[Exercise description]:
Using the data below, output a verbatim copy of the lines between the one holding "#anc ダナキャラン DONNAKARAN" and the one holding "包裝原理:每列單獨卷膜;一個", inclusive, without any pictures.

^^^^^^^^^^^^^^^^

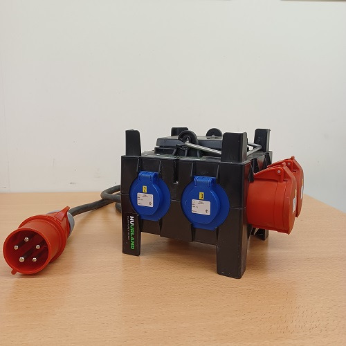 Cube permettant de distribuer l'électricité : 32 A non convertible 220 V - 380 V alimentation 32 A - 5 broches 1 * diff. 4 P - 40 A - 0,3 sortie réseau principal : 2 * 5 broches - 32 A sortie réseau domestique : 3 * prise domestique avec broche de terre - 16 A Installations électriques temporaires doivent être certifiées après montage par un organisme agréé. Il convient de vérifier la tension des prises de courant avant d'alimenter les utilisateurs finaux.
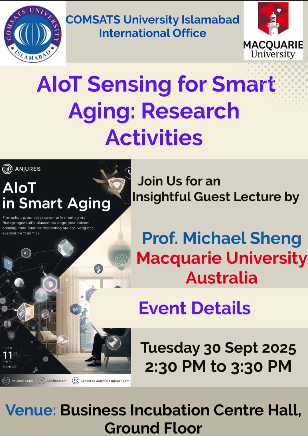 COMSATS University Islamabad (CUI) is pleased to host Prof. Michael Sheng (Macquarie University, Australia) for a public lecture titled “AIoT Sensing for Smart Aging: Research Activities and Future Directions.” The lecture will take place on 30 September 2025 from 02:30 PM to 03:30 PM at the Business Incubation Centre Hall (Ground Floor).
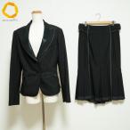 #anc ダナキャラン DONNAKARAN スカートスーツ L 黒 大きいサイズ イタリア製 フレア 異素材 レディース [982305]
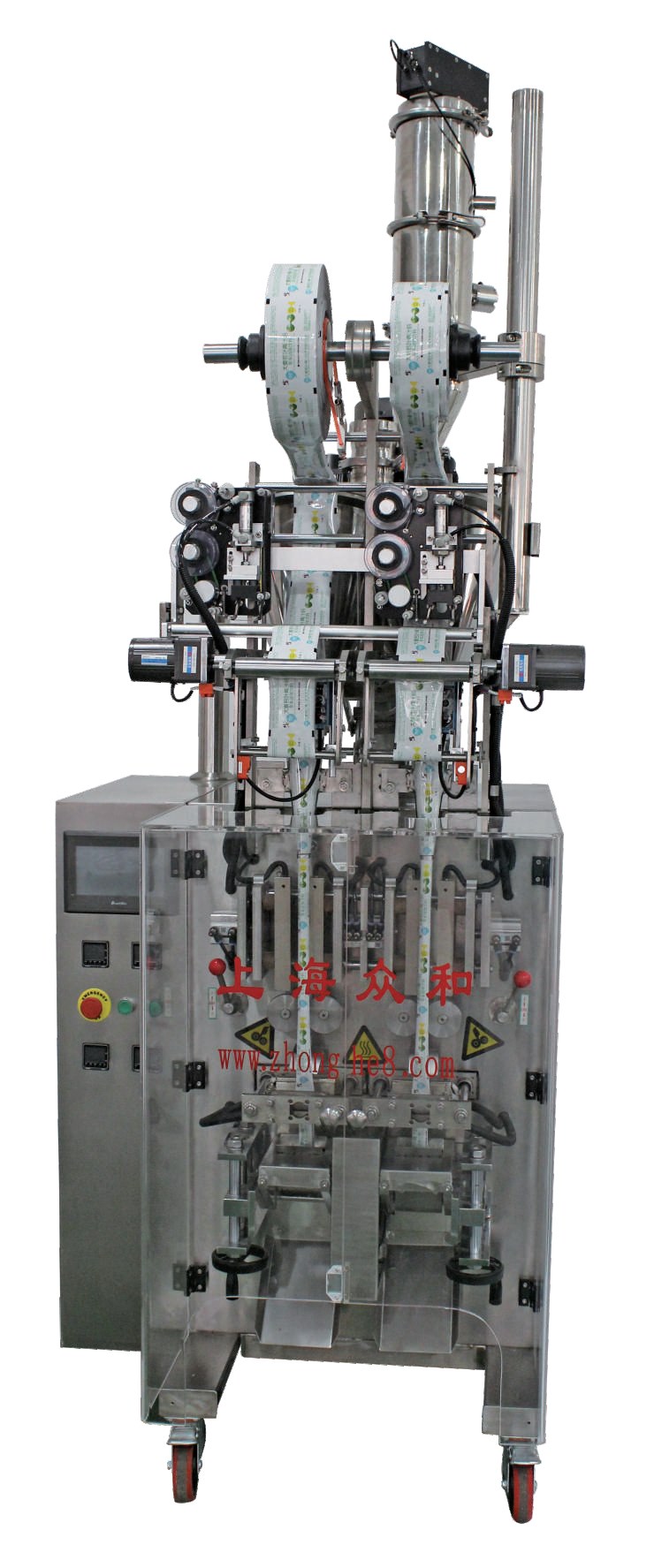 包裝原理:每列單獨卷膜;一個計量裝置分2個計量下料包裝:可以單獨開任意一列,也可以雙列一起工作
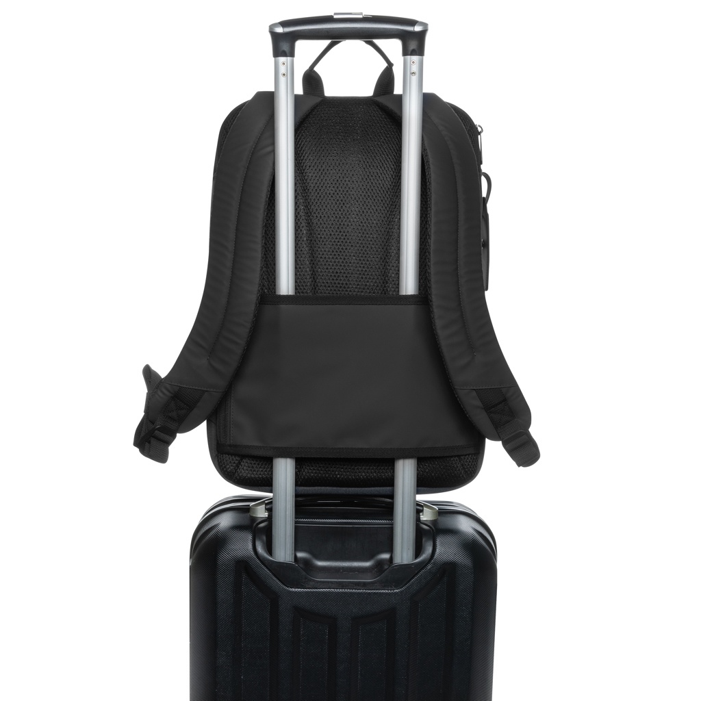 The clean design makes the backpack highly versatile and ideal for work or leisure. It’s smart enough for the boardroom, yet it still offers all the convenience and comfort of a backpack. Protect your 15.6 inch laptop with a separate, padded back compartment. Retrieve your essential items such as passport, ticket or smartphone at security or customs with this convenient, easy-to-access top pocket. The internal mesh pockets keep your small essentials organised. There is a luggage tag on the side. Made with recycled polyester embedded with the AWARE™ tracer. 2% of proceeds of each product sold with AWARE™ will be donated to Water.org. PVC free.
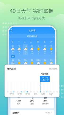 1. 精准全面的实时与中长期预报: 软件提供所在地的实时天气状况及未来长达15天的天气预报,彻底解决了用户对短期变化和长期趋势的双重信息需求。无论是今天是否需要带伞,还是下周出差该准备何种衣物,用户都能提前获知,从容规划,有效避免了因天气突变导致的行程延误或身体不适。
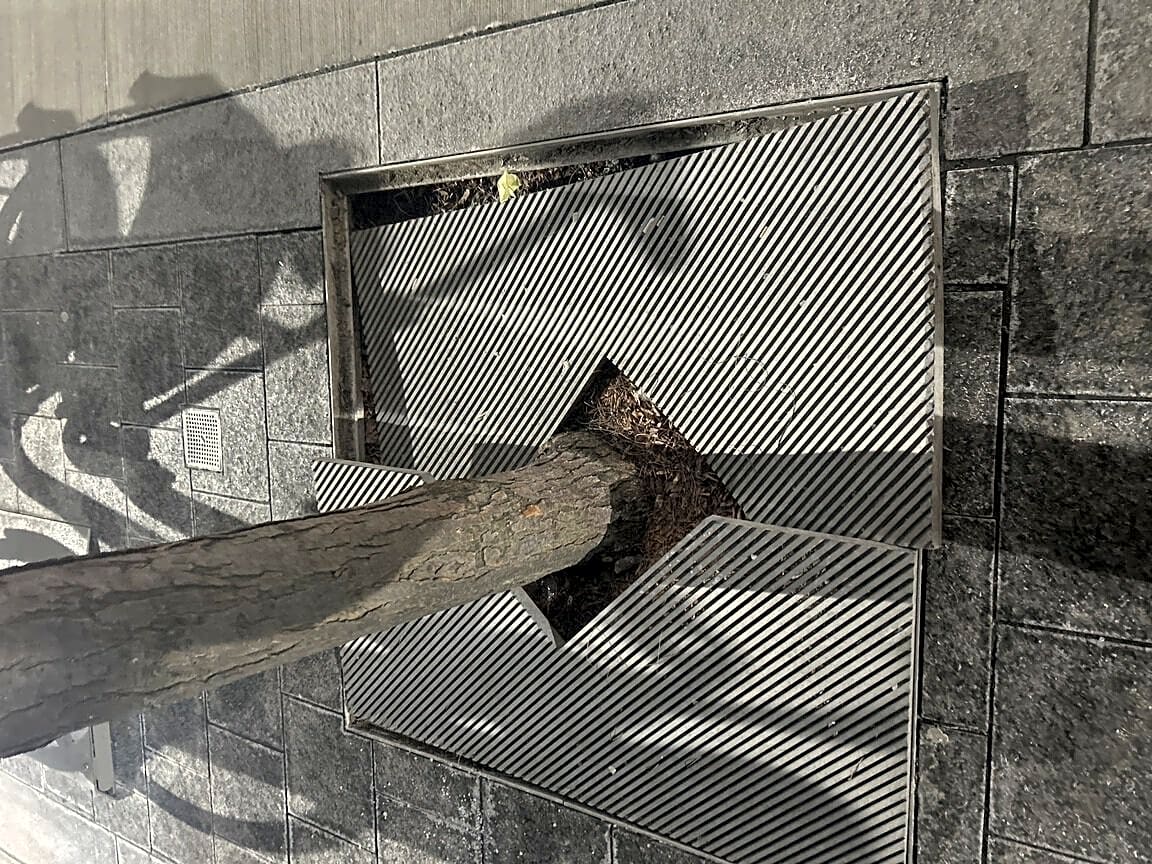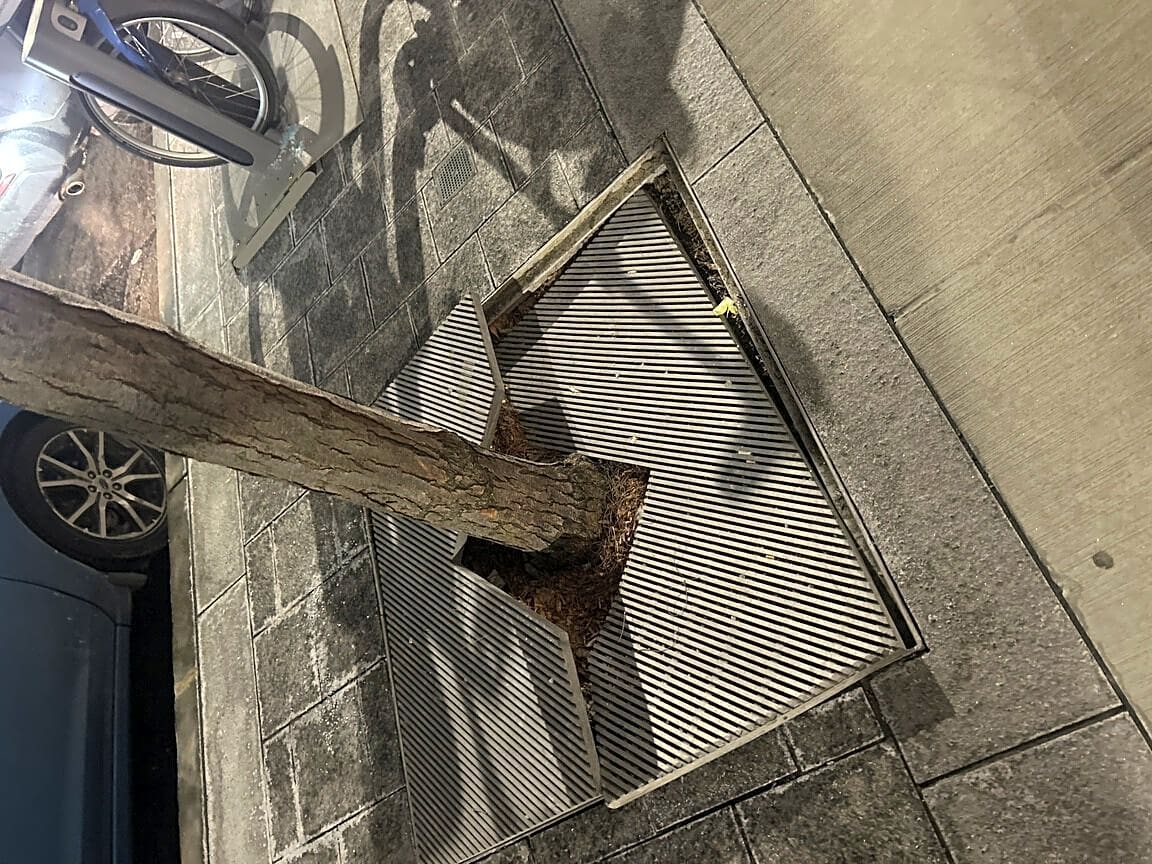 Intersection Of Pearl St And Milk St, Boston, MaDangerous sidewalk. Tree grate cover bent and out of place making it a trip hazard.
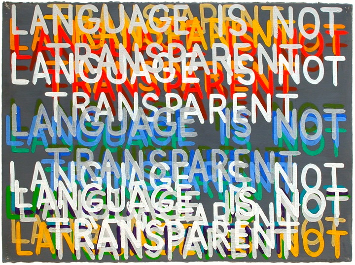 A Bochner theme from then and now: Language Is Not Transparent, in several versions in different media (rubber stamps, chalk on a wall) from 1969-70 and then in 1999, in oil on paper:
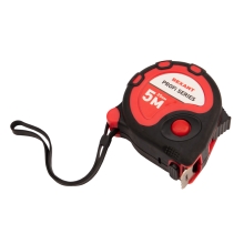 Длина: 5 метров Ширина полотна: 25 мм Эргономичный дизайн Прорезиненный корпус Полотно из закаленной стали Большой вылет полотна без излома Ударопрочный ABC пластик Надежный сдвижной фиксатор Глянцевое покрытие полотна
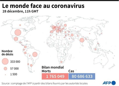 | Nombre de morts liés au coronavirus officiellement annoncés par pays, au 28 décembre à 11h00. |

^^^^^^^^^^^^^^^^

[Response to the task]:
 #anc ダナキャラン DONNAKARAN スカートスーツ L 黒 大きいサイズ イタリア製 フレア 異素材 レディース [982305]
 包裝原理:每列單獨卷膜;一個計量裝置分2個計量下料包裝:可以單獨開任意一列,也可以雙列一起工作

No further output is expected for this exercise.